(THE PROBLEM)
Write out the listing from the line with "各公園でお掃除がスタートしま" to the line with "The Edith Dircksey", both lines included, exactly and nothing beyond. Leave pictures out.
───── RAW DATA ─────
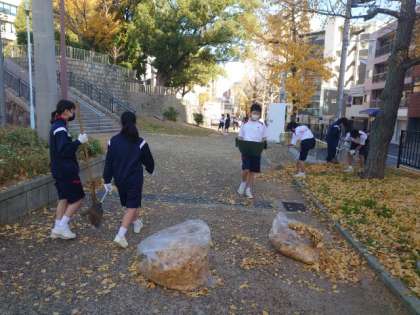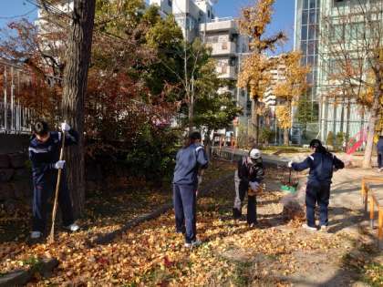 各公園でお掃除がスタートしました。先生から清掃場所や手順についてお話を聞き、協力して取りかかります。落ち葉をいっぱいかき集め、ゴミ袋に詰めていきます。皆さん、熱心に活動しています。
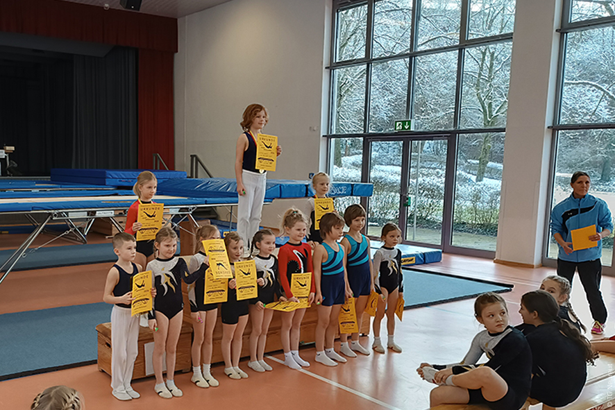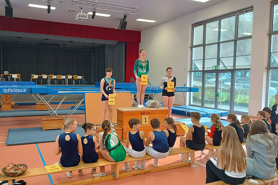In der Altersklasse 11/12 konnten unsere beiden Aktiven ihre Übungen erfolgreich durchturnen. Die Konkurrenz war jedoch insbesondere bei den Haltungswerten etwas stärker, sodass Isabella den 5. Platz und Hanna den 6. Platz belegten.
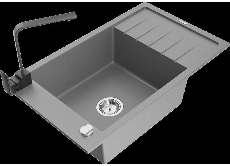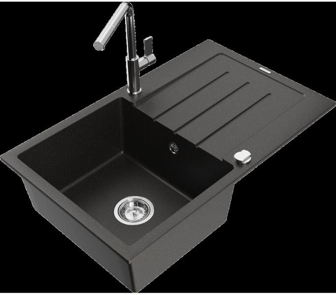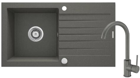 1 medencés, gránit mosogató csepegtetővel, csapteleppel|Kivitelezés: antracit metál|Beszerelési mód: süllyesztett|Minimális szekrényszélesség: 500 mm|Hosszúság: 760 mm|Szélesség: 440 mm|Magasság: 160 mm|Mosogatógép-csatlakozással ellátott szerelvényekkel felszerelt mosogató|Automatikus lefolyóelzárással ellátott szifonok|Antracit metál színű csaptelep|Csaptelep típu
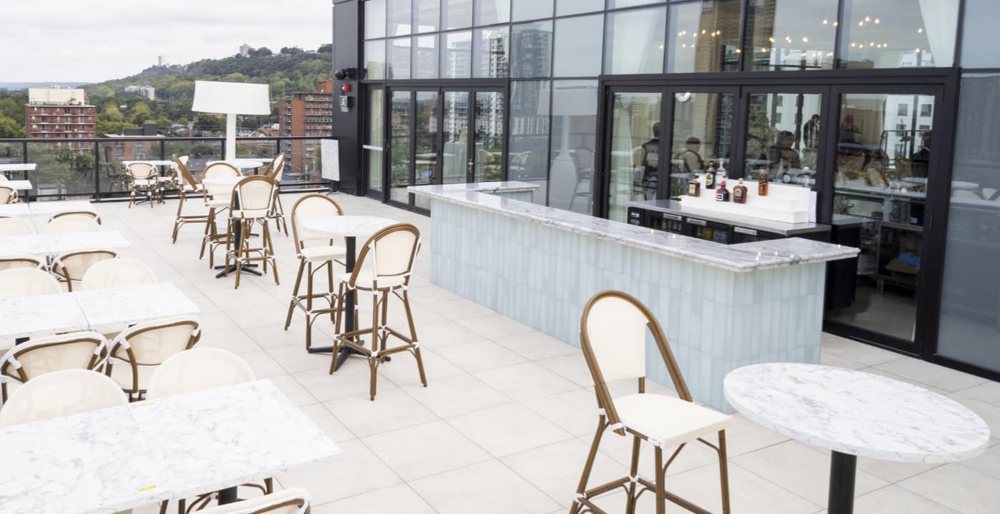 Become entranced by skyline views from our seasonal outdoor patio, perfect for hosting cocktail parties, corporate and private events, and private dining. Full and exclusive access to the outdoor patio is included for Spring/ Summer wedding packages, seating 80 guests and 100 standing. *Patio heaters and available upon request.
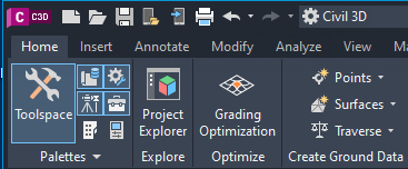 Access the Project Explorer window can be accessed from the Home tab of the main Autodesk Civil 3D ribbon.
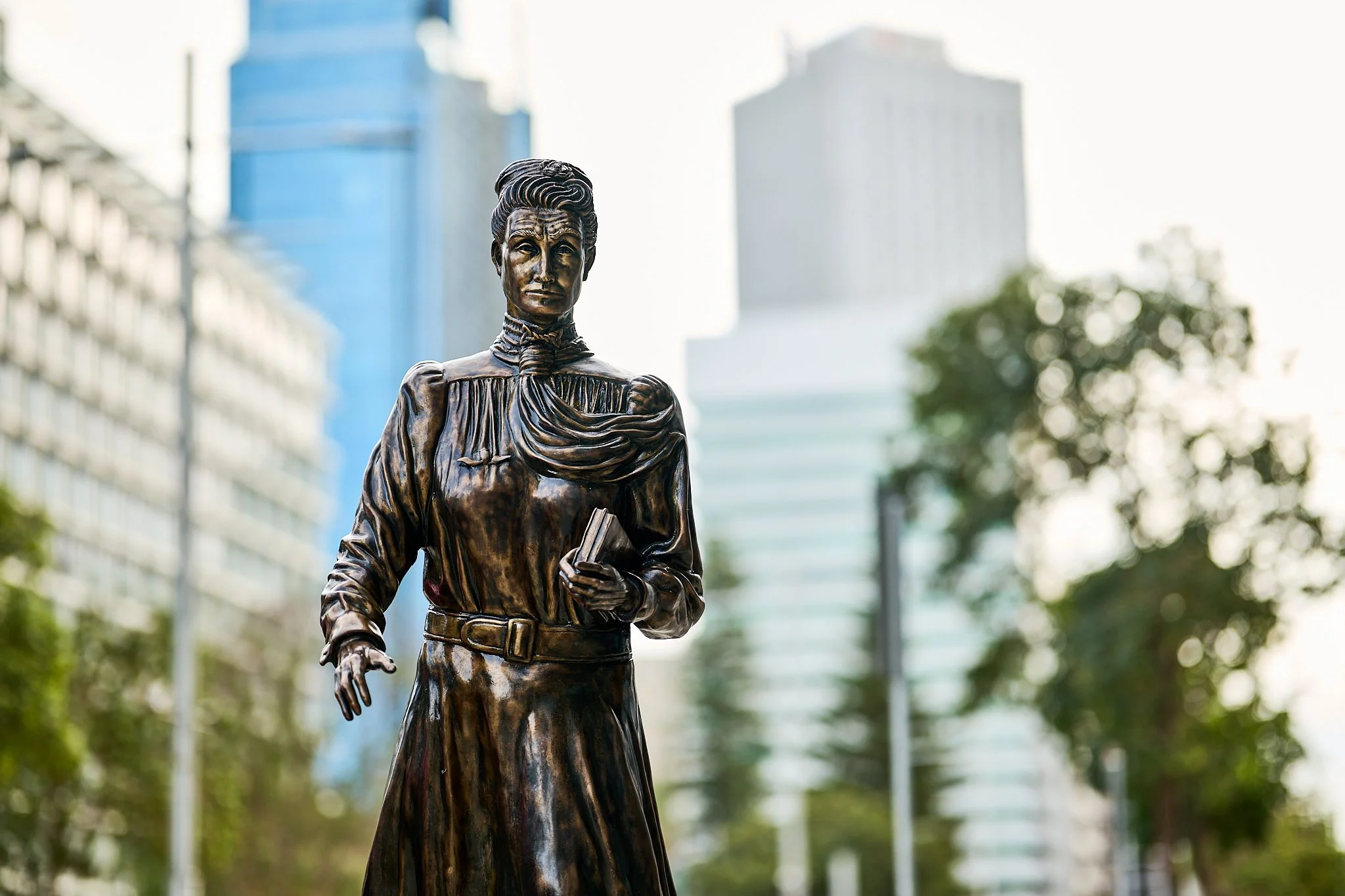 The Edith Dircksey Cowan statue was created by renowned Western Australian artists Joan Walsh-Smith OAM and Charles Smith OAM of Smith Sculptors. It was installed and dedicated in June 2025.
─────
───── RAW DATA ─────
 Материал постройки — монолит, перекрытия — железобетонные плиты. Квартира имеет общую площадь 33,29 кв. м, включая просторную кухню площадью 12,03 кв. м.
─────
(EXPECTED OUTPUT)
 各公園でお掃除がスタートしました。先生から清掃場所や手順についてお話を聞き、協力して取りかかります。落ち葉をいっぱいかき集め、ゴミ袋に詰めていきます。皆さん、熱心に活動しています。
In der Altersklasse 11/12 konnten unsere beiden Aktiven ihre Übungen erfolgreich durchturnen. Die Konkurrenz war jedoch insbesondere bei den Haltungswerten etwas stärker, sodass Isabella den 5. Platz und Hanna den 6. Platz belegten.
 1 medencés, gránit mosogató csepegtetővel, csapteleppel|Kivitelezés: antracit metál|Beszerelési mód: süllyesztett|Minimális szekrényszélesség: 500 mm|Hosszúság: 760 mm|Szélesség: 440 mm|Magasság: 160 mm|Mosogatógép-csatlakozással ellátott szerelvényekkel felszerelt mosogató|Automatikus lefolyóelzárással ellátott szifonok|Antracit metál színű csaptelep|Csaptelep típu
 Become entranced by skyline views from our seasonal outdoor patio, perfect for hosting cocktail parties, corporate and private events, and private dining. Full and exclusive access to the outdoor patio is included for Spring/ Summer wedding packages, seating 80 guests and 100 standing. *Patio heaters and available upon request.
 Access the Project Explorer window can be accessed from the Home tab of the main Autodesk Civil 3D ribbon.
 The Edith Dircksey Cowan statue was created by renowned Western Australian artists Joan Walsh-Smith OAM and Charles Smith OAM of Smith Sculptors. It was installed and dedicated in June 2025.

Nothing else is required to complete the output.